**Your objective**. Keep the lines exact and the pictures out as you repeat the following listing.

##### Data for this exercise #####

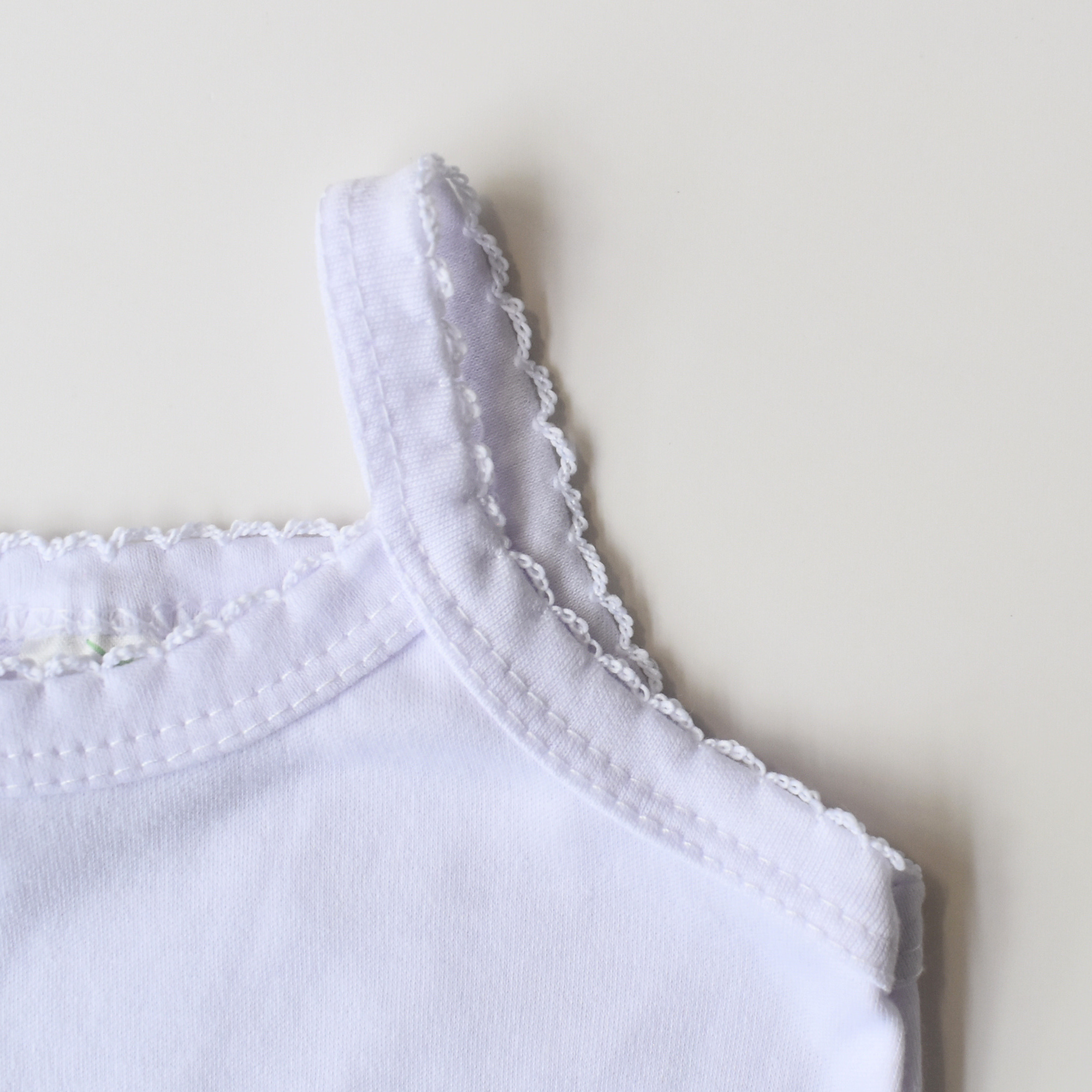 Super soft, pre-shrunk, cotton, thin strap diapervest in organic cotton jersey (100% COTTON). Perfect for under sleeveless dresses and tops!
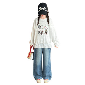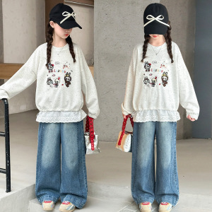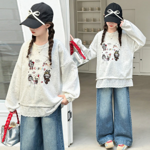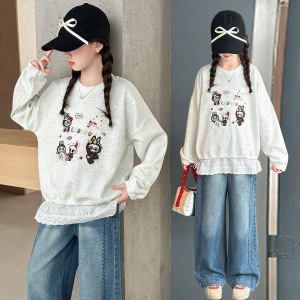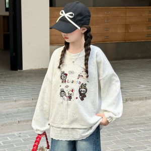 女童卫衣秋装2025新款儿童韩系中大童时髦花边拼接休闲风上衣跨境
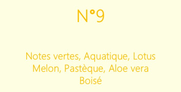 Disponible en 9 fragrances exclusives, numérotées de N°1 à N°9, cette collection vous invite à découvrir une palette olfactive variée – des notes florales délicates aux accords boisés profonds, en passant par des senteurs fraîches et modernes.
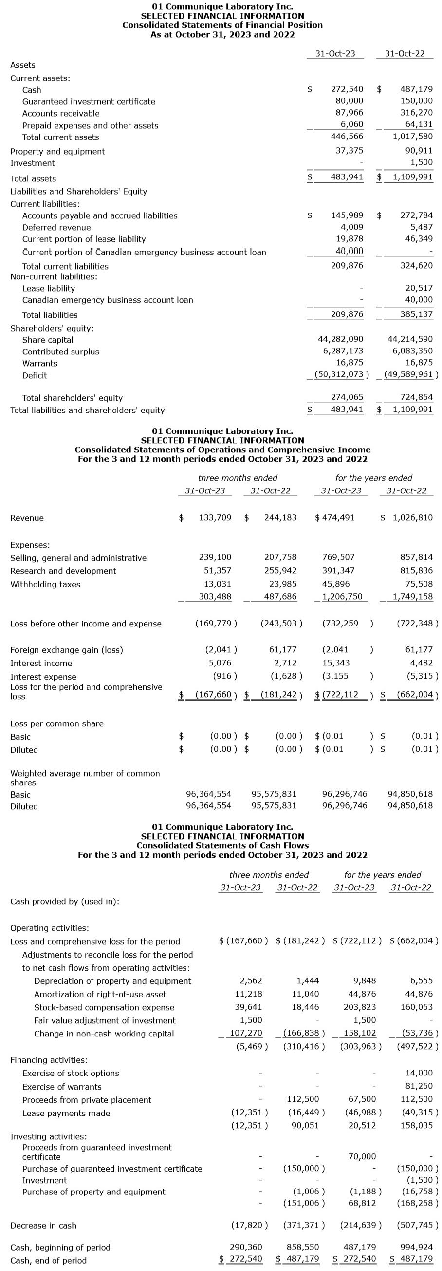 01 Communique Laboratory Inc. has released its fourth quarter fiscal 2023 results, which ended Oct. 31, 2023.
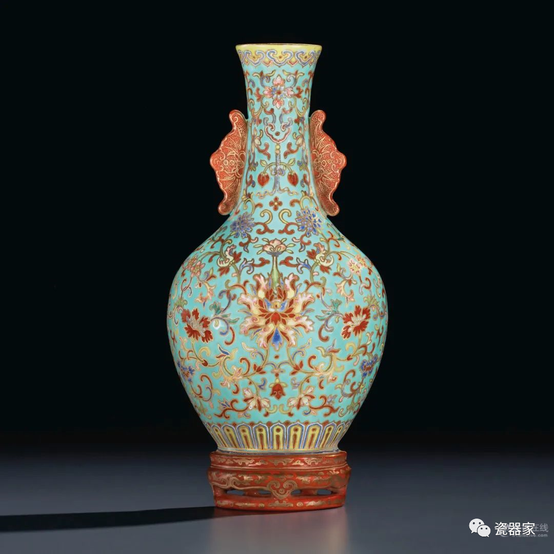 Lot 947 清乾隆 粉彩莲蝠纹抱月瓶 (掐丝珐琅颈为后加)
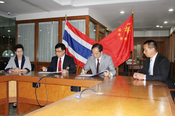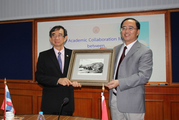 暹罗大学校长Pornchai Mongkhonvanit 先生和蒋永文校长介绍了两个学校的基本情况,对两校开展各项国际交流和合作活动充满了信心和期待。随后,两位校长代表各自学校签署了合作备忘录。
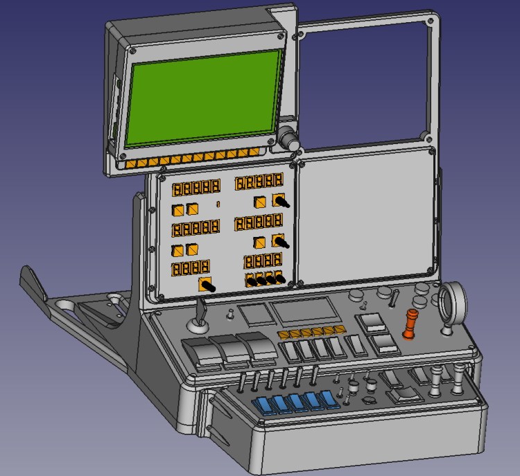 When i started the project i wanted to use 5″ TFT displays for the attitude and the system/weather/GPS-map display, they would have fitted perfectly in the top two panels. But unfortunately it turned out that their resolution is to low to read all the tiny numbers and characters, so i had to change to 7″ TFT displays … and of course they are to big for the already drawn console and of course too big for the printer. But maybe the overhanging panels will look pretty good at the end.
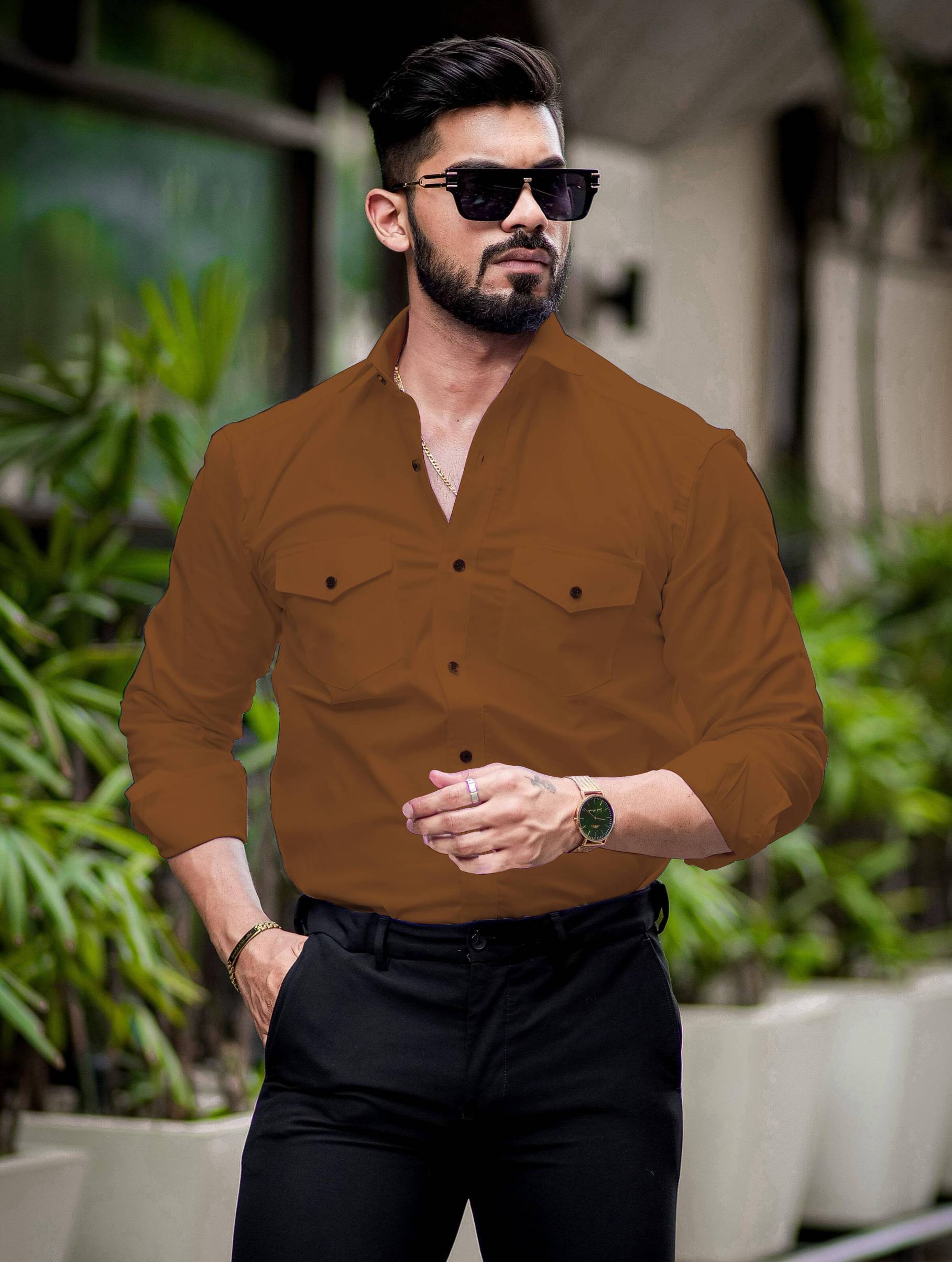 METRONAUT Men Solid Casual Brown Shirt
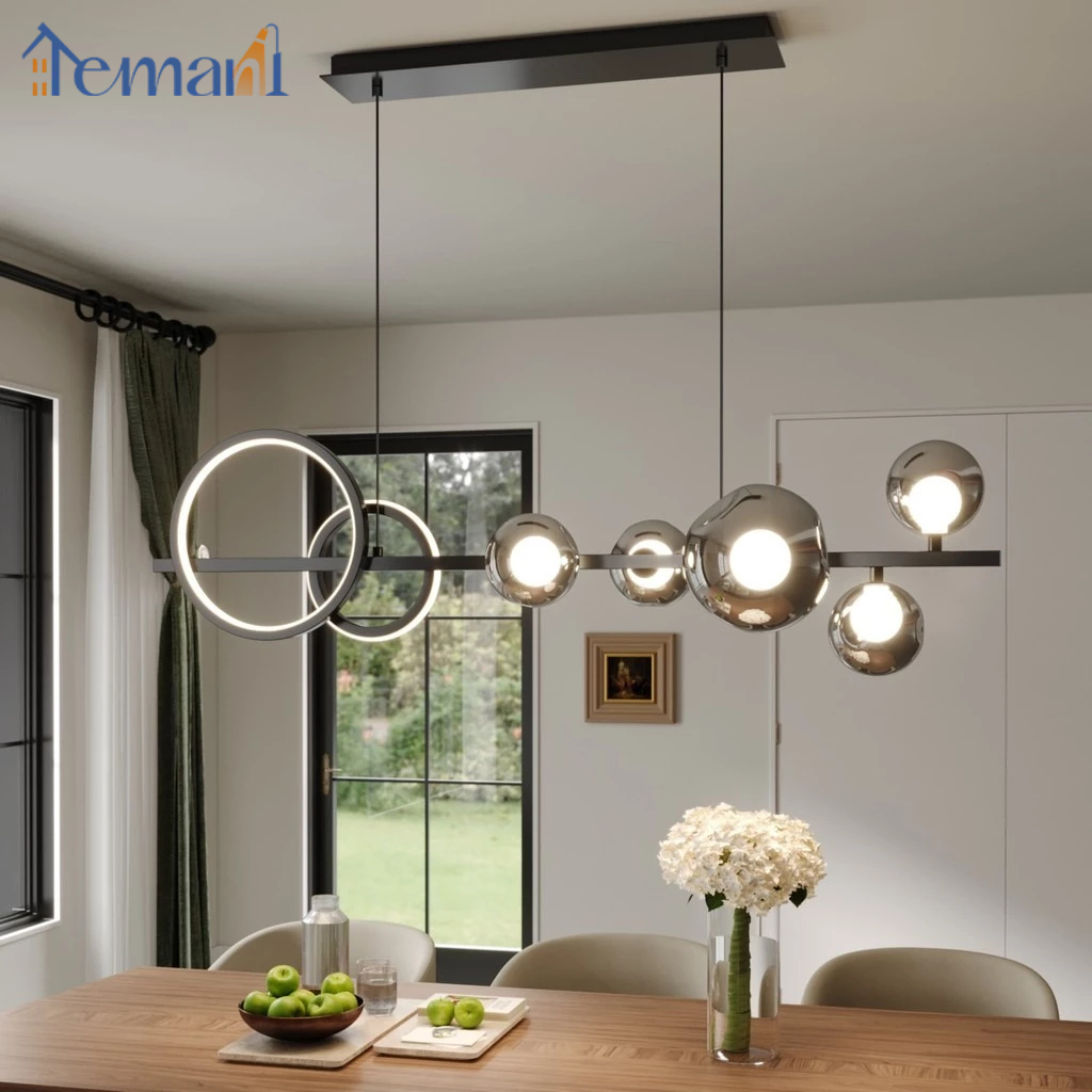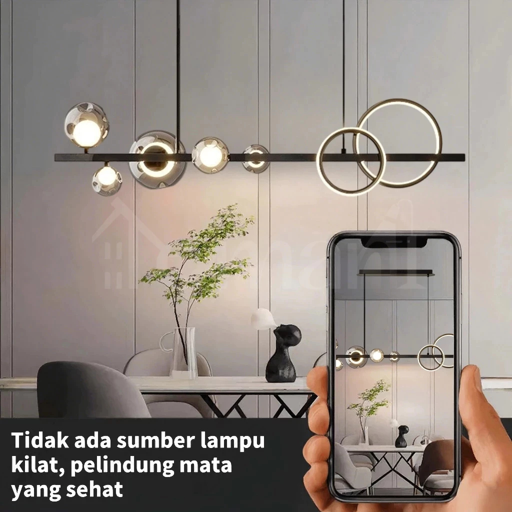 ⚡Garansi+Ready⚡Lampu Gantung Minimalis 95cm 7 Bola Kaca Abu-abu 3 warna LED Lampu Hias Gantung Meja Makan Mini Bar Untuk
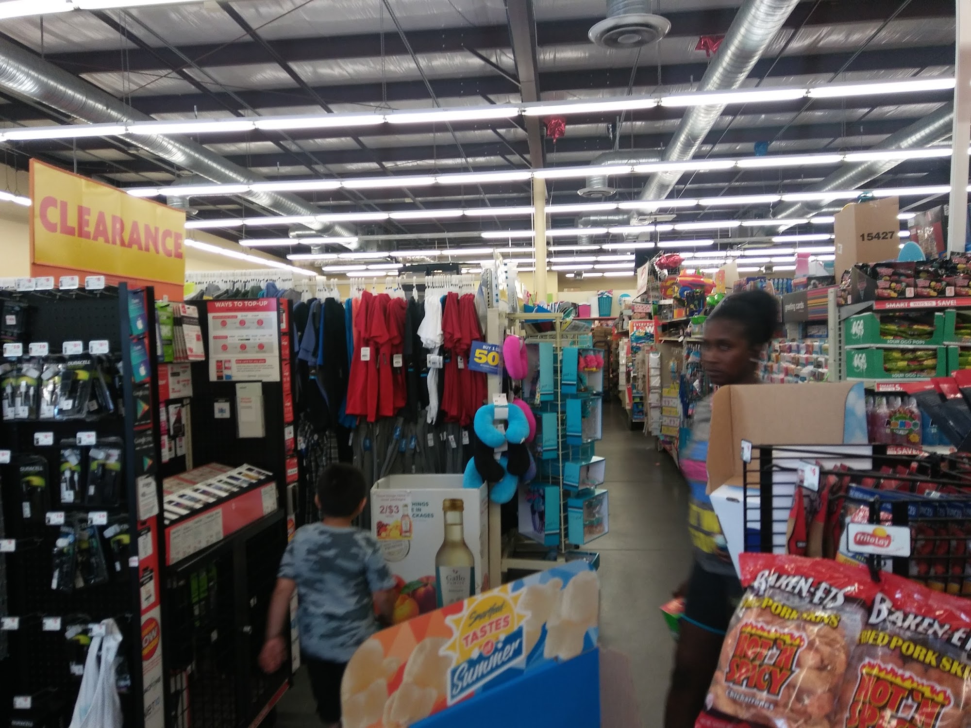 Empty shelves. But stuff everywhere. The way the other workers spoke loud you couldn't hear the cashier say how much or insert card now

#####

**Written response**.
 Super soft, pre-shrunk, cotton, thin strap diapervest in organic cotton jersey (100% COTTON). Perfect for under sleeveless dresses and tops!
 女童卫衣秋装2025新款儿童韩系中大童时髦花边拼接休闲风上衣跨境
 Disponible en 9 fragrances exclusives, numérotées de N°1 à N°9, cette collection vous invite à découvrir une palette olfactive variée – des notes florales délicates aux accords boisés profonds, en passant par des senteurs fraîches et modernes.
 01 Communique Laboratory Inc. has released its fourth quarter fiscal 2023 results, which ended Oct. 31, 2023.
 Lot 947 清乾隆 粉彩莲蝠纹抱月瓶 (掐丝珐琅颈为后加)
 暹罗大学校长Pornchai Mongkhonvanit 先生和蒋永文校长介绍了两个学校的基本情况,对两校开展各项国际交流和合作活动充满了信心和期待。随后,两位校长代表各自学校签署了合作备忘录。
 When i started the project i wanted to use 5″ TFT displays for the attitude and the system/weather/GPS-map display, they would have fitted perfectly in the top two panels. But unfortunately it turned out that their resolution is to low to read all the tiny numbers and characters, so i had to change to 7″ TFT displays … and of course they are to big for the already drawn console and of course too big for the printer. But maybe the overhanging panels will look pretty good at the end.
 METRONAUT Men Solid Casual Brown Shirt
 ⚡Garansi+Ready⚡Lampu Gantung Minimalis 95cm 7 Bola Kaca Abu-abu 3 warna LED Lampu Hias Gantung Meja Makan Mini Bar Untuk
 Empty shelves. But stuff everywhere. The way the other workers spoke loud you couldn't hear the cashier say how much or insert card now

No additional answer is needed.